Just download, extract, and double-click to get started!

Prerequisites

Requirement	Details
Operating System	Windows 10/11
Disk Space	10GB+ recommended
Hardware	CPU works; NVIDIA GPU enables acceleration (10x faster)

Step 1: Download and Extract

Download the package:

【Important】 Extract to a path without Chinese characters or spaces (e.g., D:\AI\QwenTTS)
- Bad example: C:\Users\ZhangSan\Desktop\New Folder
- Good example: D:\Tools\Qwen-TTS
Open the folder — you should see the following file structure:

Step 2: Install the Runtime Environment (one-time only)

After downloading and extracting, double-click 0解压后立即点此安装运行环境.bat (Install runtime environment immediately after extraction). This only needs to be run once.

Step 3: Choose a Function (5 startup scripts)

The folder contains 5 .bat files, each for a different function and model size. Choose based on your hardware and needs:

1. Voice Cloning Mode (based on reference audio)

This mode lets you upload a 3–10 second reference audio clip, and the AI will mimic that voice to speak.

Startup Script	Features
启动语音克隆-0.6B模型.bat (Voice Clone - 0.6B)	Faster, lower hardware requirements, good for trying out
启动语音克隆-1.7B模型.bat (Voice Clone - 1.7B)	Better quality, more realistic, slightly slower

2. Voice Design Mode

This mode doesn't need reference audio — you describe the voice in text, e.g., "a deep, magnetic middle-aged male voice."

Startup Script	Features
启动声音设计.bat (Voice Design)	Uses 1.7B model, create unique voices with text prompts

Note: Voice Design mode cannot be used in pyVideoTrans — it only works in the WebUI.

3. Custom Voice Mode (built-in preset characters)

This mode includes preset high-quality voices like Vivian, Uncle_fu, and Sohee — stable and pleasant sounding.

Startup Script	Features
启动自定义音色-0.6B模型.bat (Custom Voice - 0.6B)	Faster
启动自定义音色-1.7B模型.bat (Custom Voice - 1.7B)	Better quality

Note: In this mode, you cannot use reference audio — you can only select characters from the dropdown menu.

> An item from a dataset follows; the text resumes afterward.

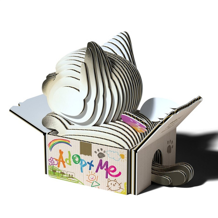 - realistyczne detale: „pomazane” pudełko, duże kocie oczy, mleczne futerko, brązowe uszka i pyszczek.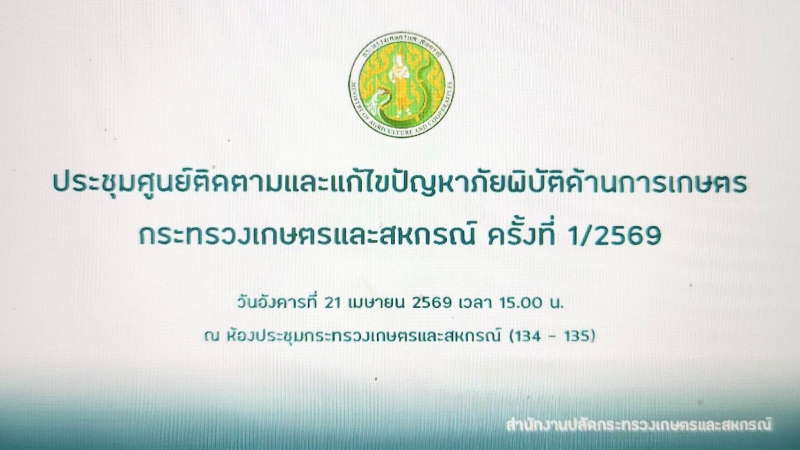 วันอังคารที่ 21 เมษายน 2569 เวลา 15.00 น. ที่ห้องประชุมสำนักงานเกษตรและสหกรณ์จังหวัดอำนาจเจริญ นางปารีณา สอนอาจ เกษตรและสหกรณ์จังหวัดอำนาจเจริญ พร้อมด้วยนายอภิชิต โพธิ์ศรี หัวหน้ากลุ่มช่วยเหลือเกษตรกรและโครงการพิเศษ และเจ้าหน้าที่กลุ่มฯ สำนักงานฯ  เข้าร่วมการประชุมคณะกรรมการศูนย์ติดตามและแก้ไขปัญหาภัยพิบัติด้านการเกษตร กระทรวงเกษตรและสหกรณ์ ครั้งที่ 1/2569 ผ่านระบบประชุมทางไกลออนไลน์ Zoom meeting  โดยมีนายกฤษ อุตตมะเวทิน รองปลัดกระทรวงเกษตรและสหกรณ์ ในฐานะผู้อำนวยการศูนย์ติดตามและแก้ไขปัญหาภัยพิบัติด้านการเกษตรกระทรวงเกษตรและสหกรณ์ เป็นประธานการประชุม เพื่อรับทราบสถานการณ์น้ำ การบริหารจัดการน้ำ ปี 2568/69 การวางแผนการเพาะปลูกพืช ปี 2568/69  ตลอดจนการเตรียมความพร้อมในการรับสถานการณ์ภัยพิบัติทางการเกษตร เพื่อจะได้ดำเนินการแก้ไขปัญหาดังกล่าวได้ทันท่วงที

Step 4: Start and Auto-Configure

Double-click your chosen .bat file
A black command-line window will appear — do not close it!
On first run, the tool will automatically configure the environment and download model files
- A China mirror (hf-mirror.com) is built in for faster downloads
- Depending on your connection speed, this may take several minutes to over ten minutes — please be patient
When you see the following text in the black window, startup is complete:

text

* To create a public link, set `share=True` in `launch()`.

Step 5: Start Using

Open a browser (Chrome or Edge recommended)
Enter in the address bar: http://127.0.0.1:8000 and press Enter
You'll see the Qwen3-TTS interface:
- Input box: Enter the text you want the AI to read
- Reference Audio / Prompt: Upload audio or enter a description, depending on the mode you started
- Generate: Click the button to generate speech

Using in pyVideoTrans

Voice Cloning Mode

Configure reference audio in pyVideoTrans (Menu → TTS Settings → Qwen-tts (Local))
Select "Qwen3-TTS" from the "TTS Channel" dropdown on the main screen
Select "clone" from "Dubbing Character" to use reference audio cloning

Custom Voice Mode

Configure the Qwen3-TTS address in pyVideoTrans
Select "Qwen3-TTS" from the "TTS Channel" dropdown on the main screen
Select a built-in voice (e.g., Vivian, Serena) from "Dubbing Character"

Error Messages

Error Cannot find a function with api_name: /run_voice_clone: You're using the clone character or reference audio in pyVideoTrans, but you didn't start a voice cloning model. Start Qwen3-TTS-12Hz-0.6B-Base or Qwen3-TTS-12Hz-1.7B-Base.
Error Cannot find a function with api_name: /run_instruct: You're using a built-in voice, but you didn't start the custom voice model. Start Qwen3-TTS-12Hz-0.6B-CustomVoice or Qwen3-TTS-12Hz-1.7B-CustomVoice.
Error when starting VoiceDesign model: pyVideoTrans only supports voice cloning and custom voice models, not the voice design model.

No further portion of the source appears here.